> TASK ITEM:
Could you transcribe all the entries exactly, omitting the pictures?

━━━━━ DATA TO USE

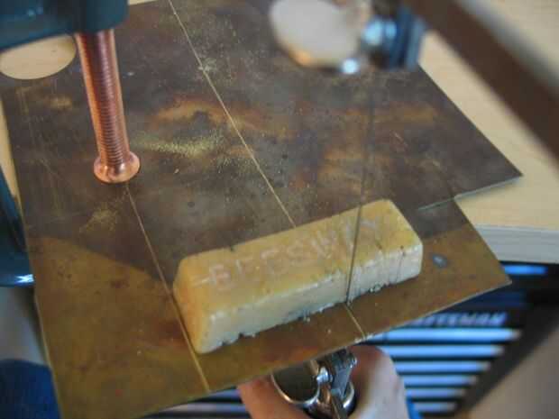 Utilizando un c-clamp, abrazadera de metal para una superficie de trabajo y luego Sierra de mano de la joyería para cortar a lo largo de las líneas del gramil.
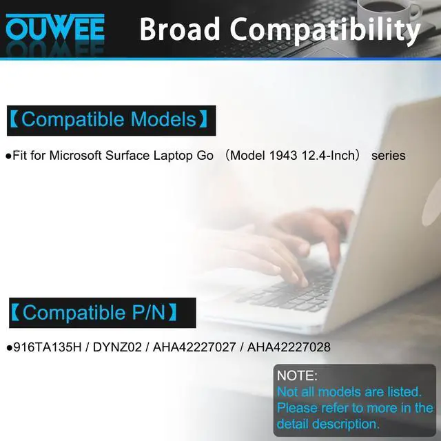 Replacement for Part Number: 916TA135H / DYNZ02 / AHA42227027 / AHA422270289. Compatible Models (use "Ctrl+F to find your model quickly")Fit for Microsoft Surface Laptop Go Model 1943 12.4 -Inch series. Not all models are listed, please check the part number of your original battery. 10.
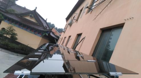 近年来“山色空蒙雨亦奇”的杭州,时常笼罩在雾霾之下。为了倡导更多的人使用清洁能源,更好地改善人类的生活与居住环境,为子孙后代留住绿水青山,道明大师决定安装汉能薄膜太阳能发电系统。通过梧桐寺的社会影响力去倡导更多人能够转变能源消费的想法和使用习惯,为保护环境做出更多的贡献。
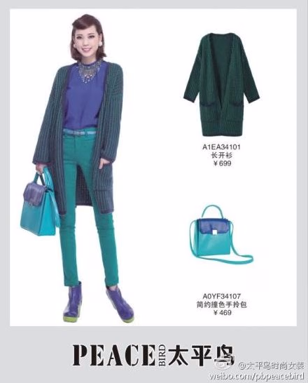 长款开衫比较适合设材高挑一点的MM,同色系绿色紧腿裤修饰身材,宽松有致的搭配总是这么美。
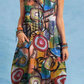 Erfassen Sie die Essenz böhmischer Freiheit mit unserem bedruckten Kleid! Müde von langweiliger Alltagsmode? Entfesseln Sie Ihren inneren Bohème-Geist in diesem bezaubernden Kleidungsstück. Entworfen für die moderne Bohème-Göttin, ist es mehr als nur Stoff und Nähte – es ist Ausdruck Ihres freien Geistes.
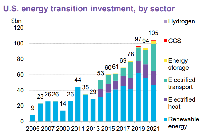 De la inversión privada del año pasado en EEUU, 47.000 millones de dólares fueron para energía renovable y 35.000 millones apoyaron el transporte electrificado, según el informe, titulado "[2022 Sustainable Energy in America Factbook](file:///C:/Users/joser/Downloads/2022-Sustainable-Energy-in-America-Factbook.pdf)".
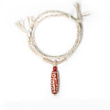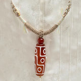 Dzi bead (Tib. གཟི།; pronounced "zee"; alternative spelling: gzi) is a type of stone bead of uncertain origin worn as part of a necklace and sometimes as a bracelet. Dzi beads are precious jewelry from Tibetan culture which is generally prized as protective amulets,these beads are believed to attract local protectors, dharmapalas or deities or maybe beneficial ghosts, ancestors or even bodhisattvas. Because of this, dzi beads are always treated with respect in Tibetan culture. Nine-Eye Dzi Bead is the symbol of The Nine Planets, It includes the activity of the Universe and the wisdom of the humanity. Nine-eyed beads is the most popular of all Dzis, brings all kinds of luck and blessings; protection, good health, purify negative energy expand intelligence and wisdom.It helps the investors with the successful development of new ideas in rolling in wealth.
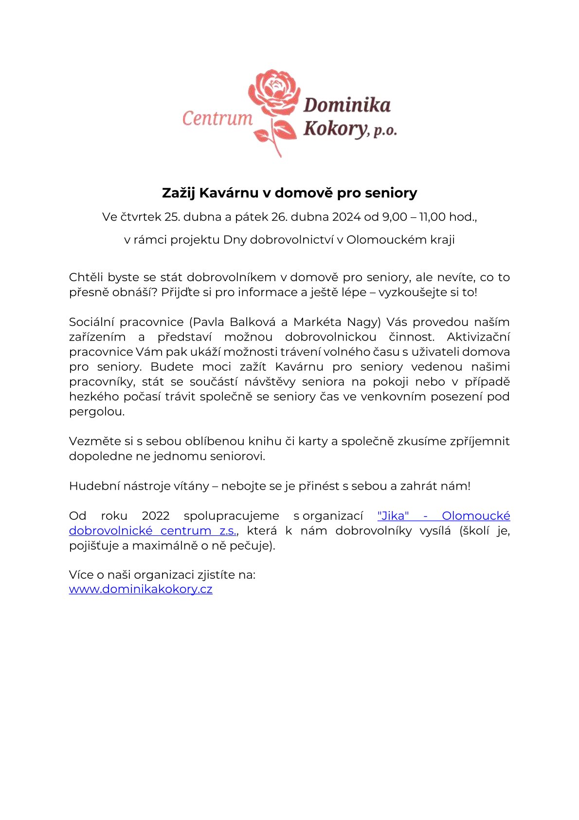 "Jika" - Olomoucké dobrovolnické centrum z.s., která k nám dobrovolníky vysílá (školí je, pojišťuje a maximálně o ně pečuje).
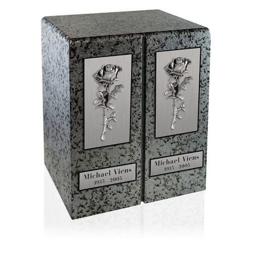 Urne en laiton double de couleur grise argentée ornée, en façade, de 2 roses qui peuvent être substituées par quelques autres motifs. L’espace pour 2 plaquettes d’identification est également prévu.
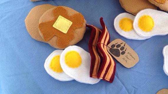 Para aqueles prendados um brinquedo novo e divertido para as crianças, acreditamos que reproduzir em feltro o bacon, o ovo, a panqueca, o morango não seja a atividade mais difícil, mas para os não tão prendados tem aqui e aqui.
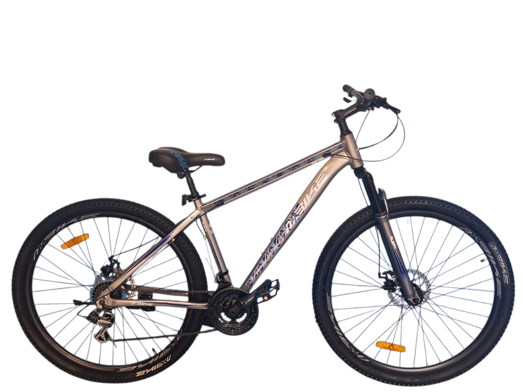 Cuadro de aluminio – cableado interno – pedales plataforma de aluminio – mazas a rulemanes – caja pedalera blindada – 21 velocidades – freno a disco mecanico – llantas doble pared – horquilla con suspension – pata de cambio Shimano Tourney
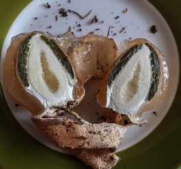 2 Fotos: Ein Hexenei, links im Querschnitt auf dem Teller, rechts im Wald. Diese Pilze aus dem Frühstadium der Stinkmorchel schmecken hervorragend! (2 Fotos © Christian M.)
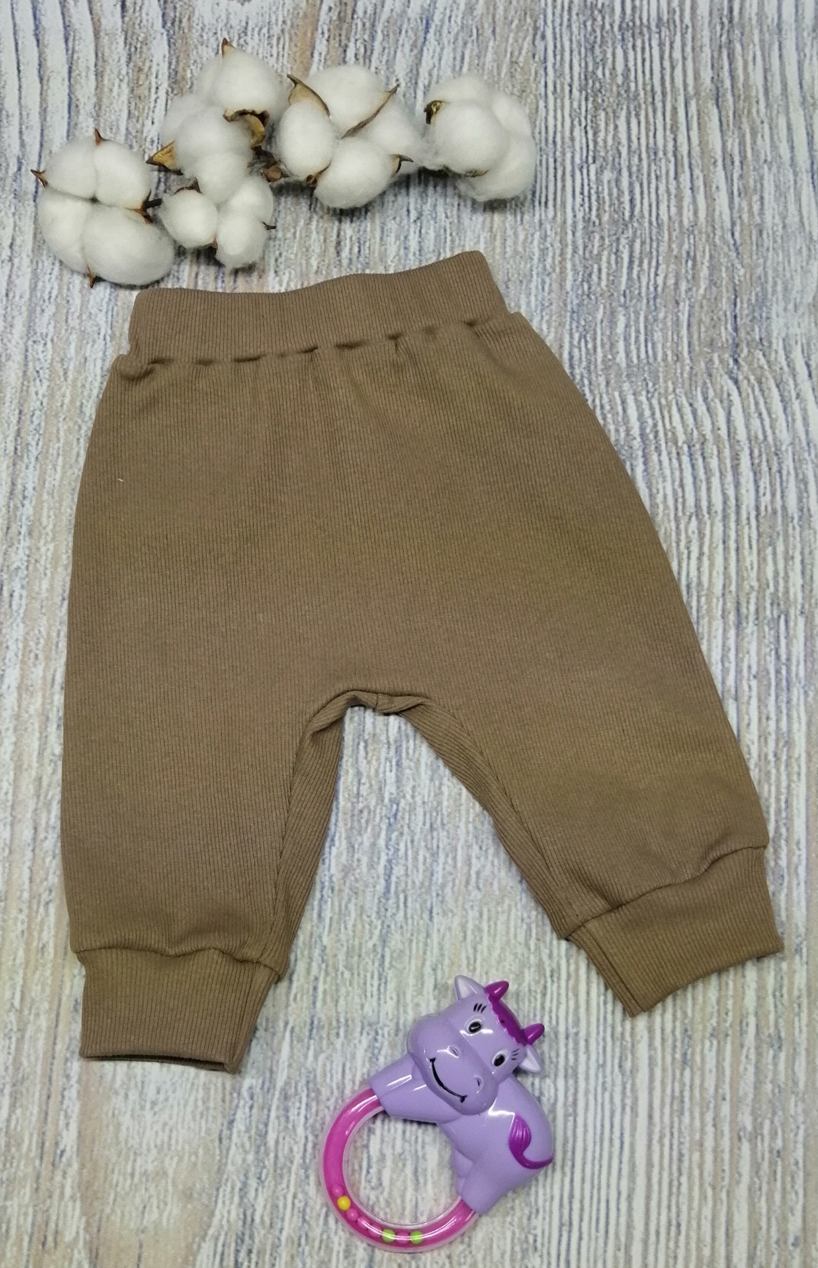 1. Штанишек на широком поясе с резинкой, снизу на манжетах.
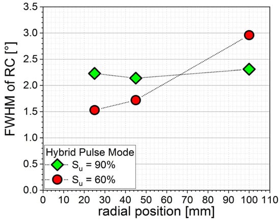 The rocking curves of (002) peaks shown in Figure 5 exhibited a similar behavior of radial dependencies. The films deposited at pulse mode Su = 90% had homogenous values of around 2.1–2.3° over the whole deposition range. In contrast to this, films deposited with a higher share of bipolar pulse mode showed a significant increase in FWHM from 1.5° in the middle, where energetic particle bombardment during film growth was highest, to 3° at the outer position, where energy bombardment was much lower. This is also in line with Figure 3, where the 2.5 µm-thick film deposited at pulse mode Su = 90% showed a homogenous occurrence of, although barely visible, (102) and (103) peaks, whereas the film deposited at pulse mode Su = 60% exhibited them only at the outermost position.

━━━━━━━━━━

> RESULT FOR THIS TASK:
 Utilizando un c-clamp, abrazadera de metal para una superficie de trabajo y luego Sierra de mano de la joyería para cortar a lo largo de las líneas del gramil.
 Replacement for Part Number: 916TA135H / DYNZ02 / AHA42227027 / AHA422270289. Compatible Models (use "Ctrl+F to find your model quickly")Fit for Microsoft Surface Laptop Go Model 1943 12.4 -Inch series. Not all models are listed, please check the part number of your original battery. 10.
 近年来“山色空蒙雨亦奇”的杭州,时常笼罩在雾霾之下。为了倡导更多的人使用清洁能源,更好地改善人类的生活与居住环境,为子孙后代留住绿水青山,道明大师决定安装汉能薄膜太阳能发电系统。通过梧桐寺的社会影响力去倡导更多人能够转变能源消费的想法和使用习惯,为保护环境做出更多的贡献。
 长款开衫比较适合设材高挑一点的MM,同色系绿色紧腿裤修饰身材,宽松有致的搭配总是这么美。
 Erfassen Sie die Essenz böhmischer Freiheit mit unserem bedruckten Kleid! Müde von langweiliger Alltagsmode? Entfesseln Sie Ihren inneren Bohème-Geist in diesem bezaubernden Kleidungsstück. Entworfen für die moderne Bohème-Göttin, ist es mehr als nur Stoff und Nähte – es ist Ausdruck Ihres freien Geistes.
 De la inversión privada del año pasado en EEUU, 47.000 millones de dólares fueron para energía renovable y 35.000 millones apoyaron el transporte electrificado, según el informe, titulado "[2022 Sustainable Energy in America Factbook](file:///C:/Users/joser/Downloads/2022-Sustainable-Energy-in-America-Factbook.pdf)".
 Dzi bead (Tib. གཟི།; pronounced "zee"; alternative spelling: gzi) is a type of stone bead of uncertain origin worn as part of a necklace and sometimes as a bracelet. Dzi beads are precious jewelry from Tibetan culture which is generally prized as protective amulets,these beads are believed to attract local protectors, dharmapalas or deities or maybe beneficial ghosts, ancestors or even bodhisattvas. Because of this, dzi beads are always treated with respect in Tibetan culture. Nine-Eye Dzi Bead is the symbol of The Nine Planets, It includes the activity of the Universe and the wisdom of the humanity. Nine-eyed beads is the most popular of all Dzis, brings all kinds of luck and blessings; protection, good health, purify negative energy expand intelligence and wisdom.It helps the investors with the successful development of new ideas in rolling in wealth.
 "Jika" - Olomoucké dobrovolnické centrum z.s., která k nám dobrovolníky vysílá (školí je, pojišťuje a maximálně o ně pečuje).
 Urne en laiton double de couleur grise argentée ornée, en façade, de 2 roses qui peuvent être substituées par quelques autres motifs. L’espace pour 2 plaquettes d’identification est également prévu.
 Para aqueles prendados um brinquedo novo e divertido para as crianças, acreditamos que reproduzir em feltro o bacon, o ovo, a panqueca, o morango não seja a atividade mais difícil, mas para os não tão prendados tem aqui e aqui.
 Cuadro de aluminio – cableado interno – pedales plataforma de aluminio – mazas a rulemanes – caja pedalera blindada – 21 velocidades – freno a disco mecanico – llantas doble pared – horquilla con suspension – pata de cambio Shimano Tourney
 2 Fotos: Ein Hexenei, links im Querschnitt auf dem Teller, rechts im Wald. Diese Pilze aus dem Frühstadium der Stinkmorchel schmecken hervorragend! (2 Fotos © Christian M.)
 1. Штанишек на широком поясе с резинкой, снизу на манжетах.
 The rocking curves of (002) peaks shown in Figure 5 exhibited a similar behavior of radial dependencies. The films deposited at pulse mode Su = 90% had homogenous values of around 2.1–2.3° over the whole deposition range. In contrast to this, films deposited with a higher share of bipolar pulse mode showed a significant increase in FWHM from 1.5° in the middle, where energetic particle bombardment during film growth was highest, to 3° at the outer position, where energy bombardment was much lower. This is also in line with Figure 3, where the 2.5 µm-thick film deposited at pulse mode Su = 90% showed a homogenous occurrence of, although barely visible, (102) and (103) peaks, whereas the film deposited at pulse mode Su = 60% exhibited them only at the outermost position.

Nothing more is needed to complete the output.